По пути кронпринц приказал заехать в Копенгаген.

- Мне необходимо очаровать датчан. Это верные союзники русских в борьбе против нас, и неплохо бы переманить их на нашу сторону. К тому же я слышал, что многие жители Норвегии устали от владычества датчан и желают перебраться под нашу руку.

Но визит в Копенгаген нельзя было назвать удачным. Густав ехал разочарованным:

- Кристиан VII еще ребенок, - рассуждал кронпринц, - слабый и умалишенный. Всем заправляет министр Струензе, фаворит и личный врач королевы Каролины Матильды. А она ведет себя с ним явно не прилично.

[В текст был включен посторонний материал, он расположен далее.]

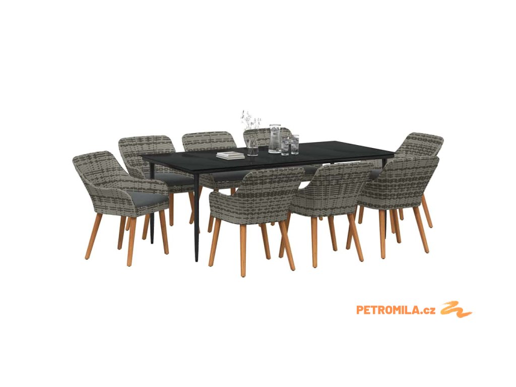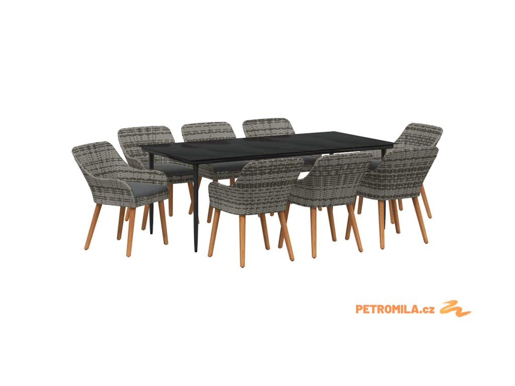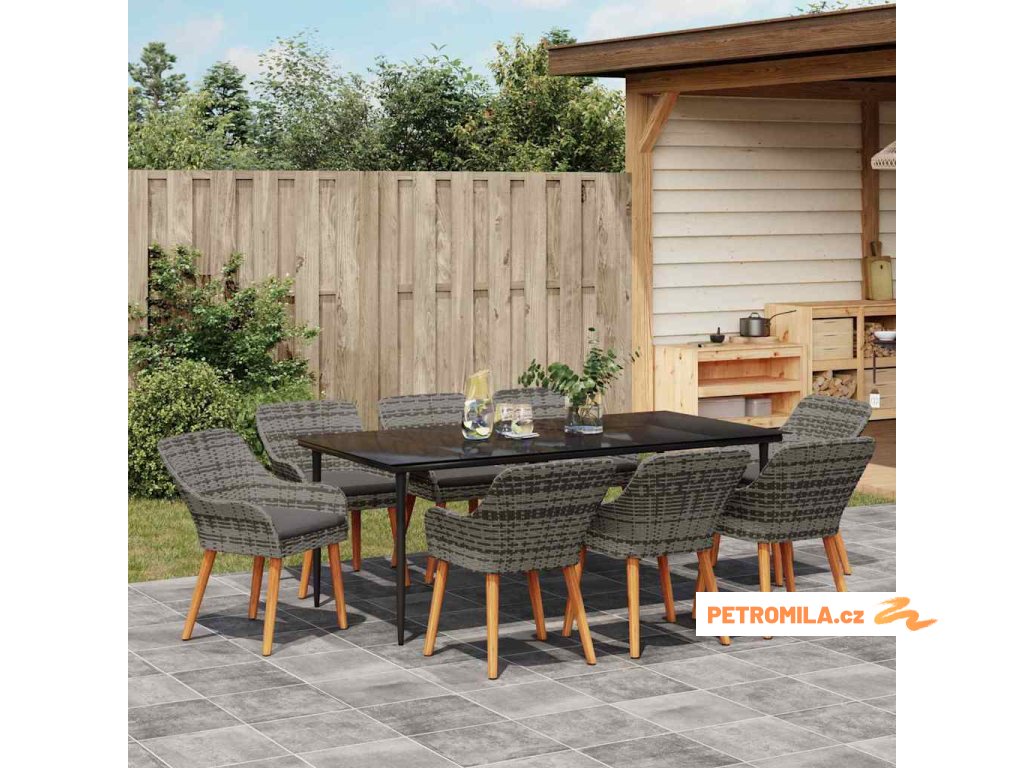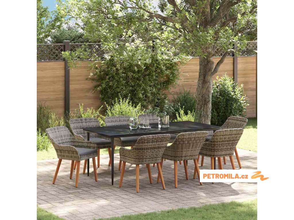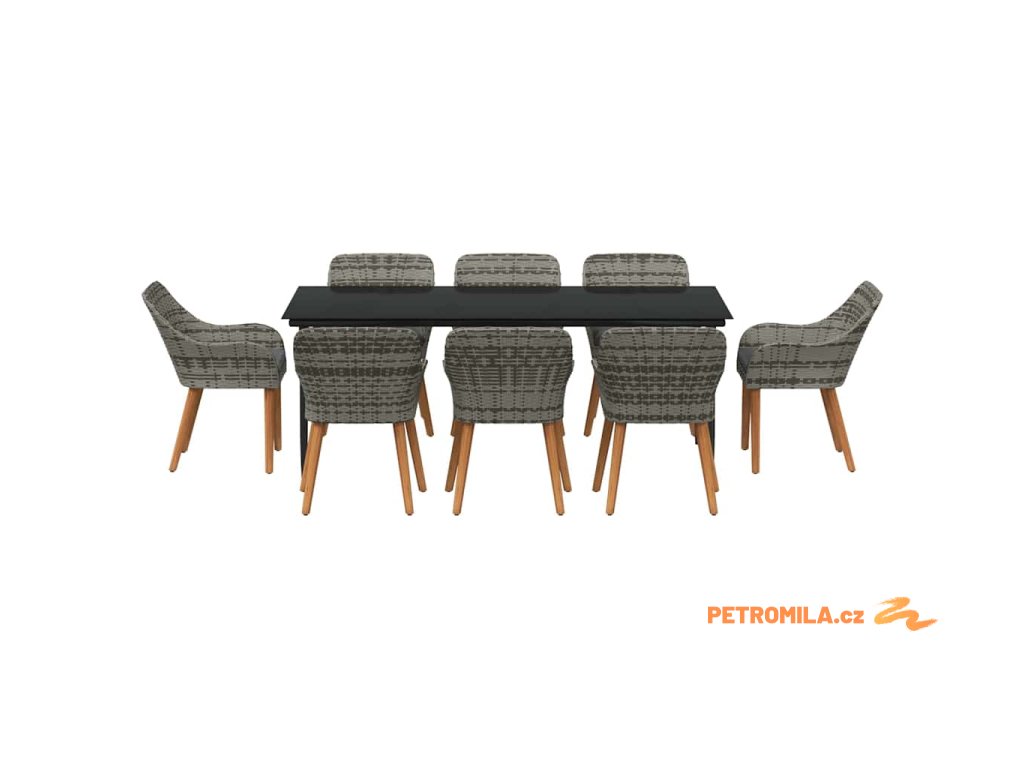 Zahradní jídelní souprava s polštářem 9 pcs Šedá polyratan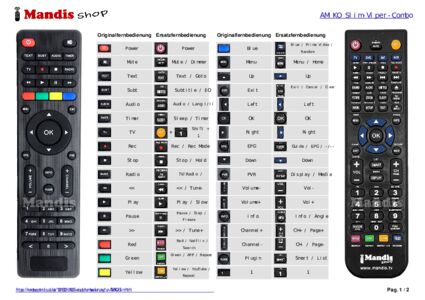 Ein Dokument ist enthalten, um die Verwendung der neuen Fernbedienung zu erleichtern, indem es die Tastenbelegung zeigt.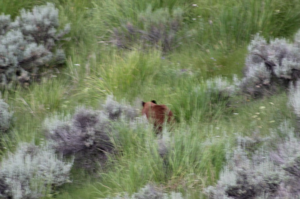 Acabem de fer la volta al circuit del nord, contemplant l’espectacle des del cotxe. Elks, cérvols, antílops nord-americans i algun bisó van apareixent mimetitzats dins el paisatge espectacular de prats, llacs, muntanyes i boscos frondosos. A pocs quilòmetres de la sortida del parc caminant “discretament” entremig d’uns arbustos apareix, com qui no vol la cosa, el meu primer os. No tenim gaire de temps de fotos ni vídeos. Sols els segons necessaris per identificar-lo com a grizzly jovenet. Un altre ítem que marco com a “fet” a la llista de “coses per veure”. Deixem el parc amb la tranquil·litat de poder tornar-hi demà. Hi ha tant per a veure!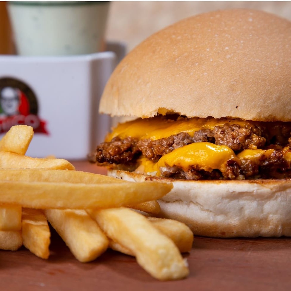 2 Carnes, Queijo Prato, Molho Tasty, Maionese Acompanha fritas.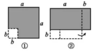 在边长为 $a$ 的正方形中挖去一个边长为 $b$ 的小正方形( $a>b$ )(如图 F2-2(1)),把余下的部分拼成一个长方形 (如图(2)),根据两个图形中阴影部分的面积相等,可以验证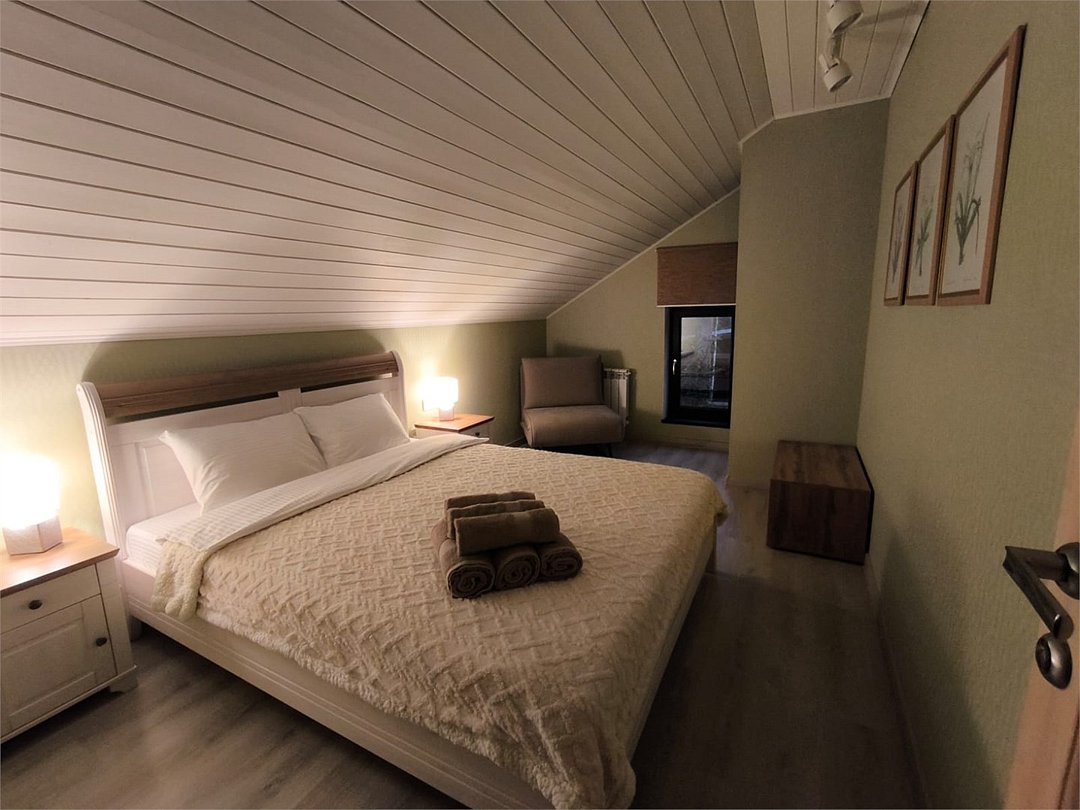 2 спальни, 2 кресла-кровати, ТВ, 2 с/у, душ. кухня. СПА: турецкая парная (хаммам), уличный чан на дровах, холодная купель.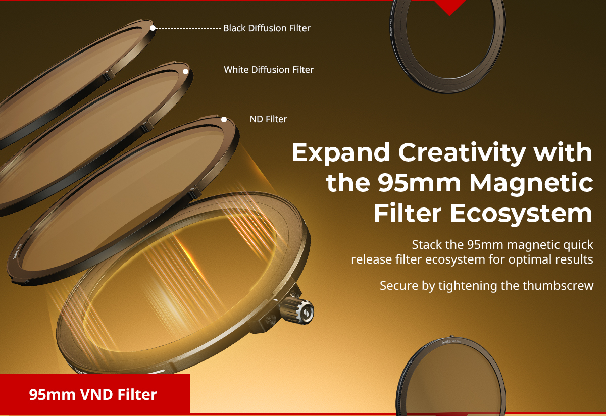 Bộ lọc VND cung cấp phạm vi điều chỉnh 2-9 điểm dừng linh hoạt. Nó cũng có lớp phủ 22 lớp hai mặt sử dụng kính B270 nhập khẩu và kết hợp màng phân cực siêu mỏng và lớp liên kết quang học, mang lại độ lệch màu cực thấp 1-6 stop. Hơn nữa, bộ lọc VND này có thể thay thế cho bộ lọc ND một mảnh truyền thống, sử dụng công nghệ giới hạn ánh sáng tiên tiến để loại bỏ mẫu X. Bộ lọc VND tự hào có độ phân giải 8K, cho phép ghi định dạng RAW 8K.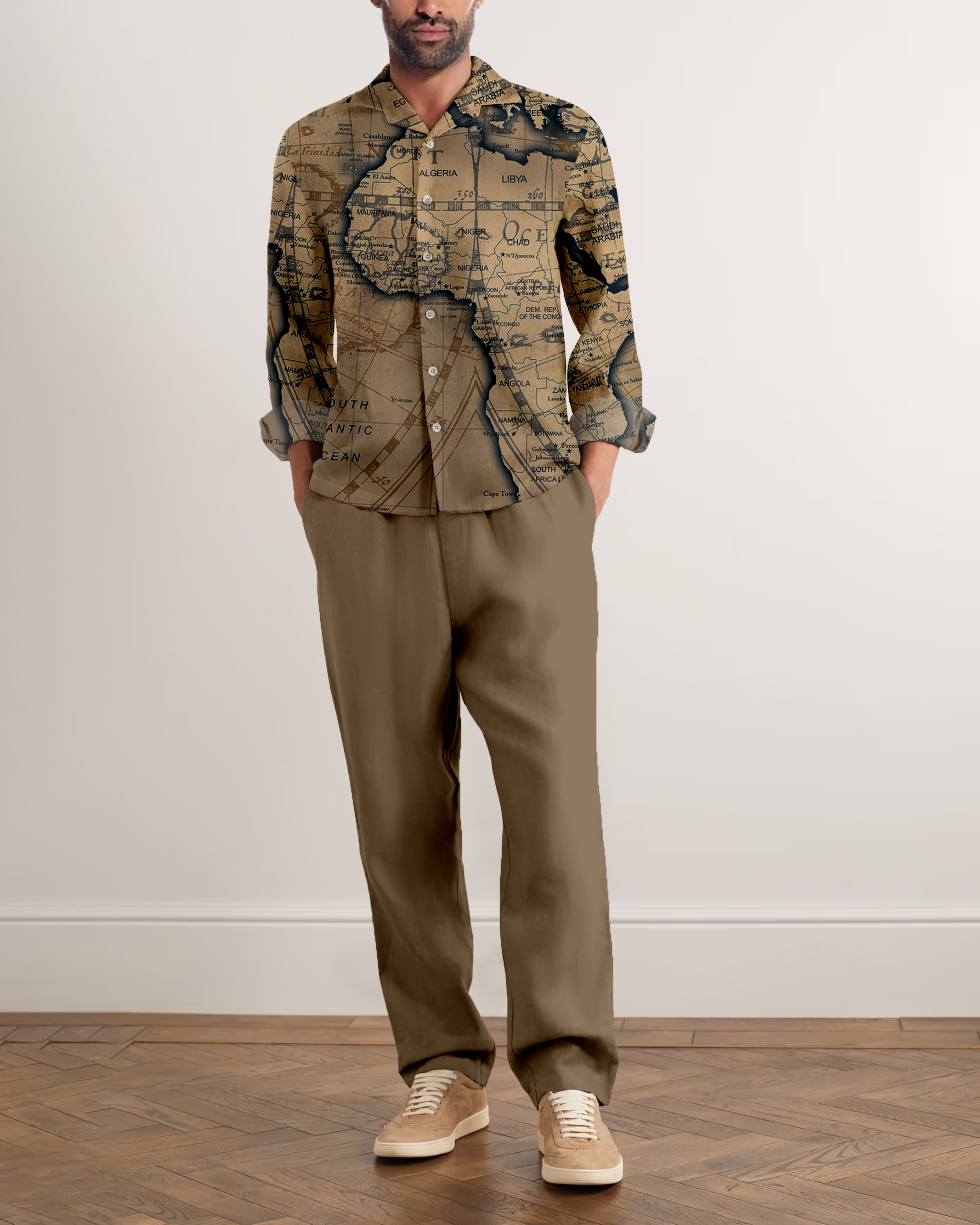 Suitmens Men's Nostalgic Nautical Map Long Sleeve Suit-0006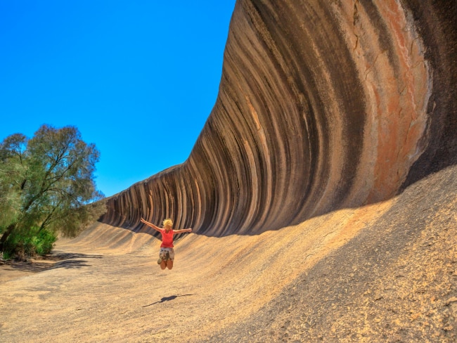 Wave Rock (Nyungar: Katter Kich) is a natural rock formation that is shaped like a tall breaking ocean wave.

Что думаете, Шеффер?

- Вы, как всегда правы, ваше высочество, и несмотря на то, что министр Струензе настроен очень миролюбиво и доброжелательно к нам, но долго он не продержится.

- Почему?

Шеффер усмехнулся:

- Потому что, ваше высочество, быть хорошим медиком, знающим все тонкости женского организма, даже если он и королевский, маловато, чтоб стать первым министром. Удовлетворять королеву, это не то чтоб удовлетворять интересам своей страны. Его, вдобавок еще и ненавидят, а короля жалеют!

- Откуда вы это знаете, Шеффер? – изумился кронпринц.

Советник пожал плечами:

- Если вы обратили внимание, ваше высочество, я незаметно ушел с королевского приема, и прогулялся по площадям и улицам Копенгагена. И обнаружил удивительные вещи.

- Какие, Шеффер?

- На площади, перед самым королевским дворцом висел плакат, где было сказано, что за голову Струензе обещана весьма кругленькая сумма в пять тысяч талеров.

- И никто не запрещал его читать? – у Густава округлились глаза, настолько он был поражен.

- Лишь в полдень, ваше высочество, из дворца появилось несколько гвардейцев, которые сорвали пасквиль и весьма неохотно разогнали толпу. – Невозмутимо рассказал Шеффер. – Это все говорит о том, что за благополучную жизнь придворного лекаря никто теперь не поручиться.

- Значит, сейчас именно тот момент, которым бы следовало воспользоваться. – Пылко заявил Густав.

- О чем вы, ваше величество? – не понял его Шеффер.

- Не смотря на то, что сама Швеция находиться в опасности, и что король ее едва-едва может считаться царствующим, можно вырвать из рук более слабого государя Норвегию!

- Но, Россия…

- Ах, Шеффер, - Густав отмахнулся, - Россия занята сейчас собой. А потом, как сказал мне Струензе, он добился отставки министра Бернсторфа, столь угодного русским. Если принцу Оранскому, простому дворянину, удалось освободить Нидерланды из рук Филиппа II, таким образом и я мог бы вырвать Норвегию из рук слабого государя, не имеющего союзников. А Франция, с коей мы соединены крепкой дружбой, с удовольствием будет смотреть на увеличении мощи Швеции. Дания только надеется на внутренний раздор в нашей стране, но мое мужество в союзе с интересами моего народа будут залогом успеха!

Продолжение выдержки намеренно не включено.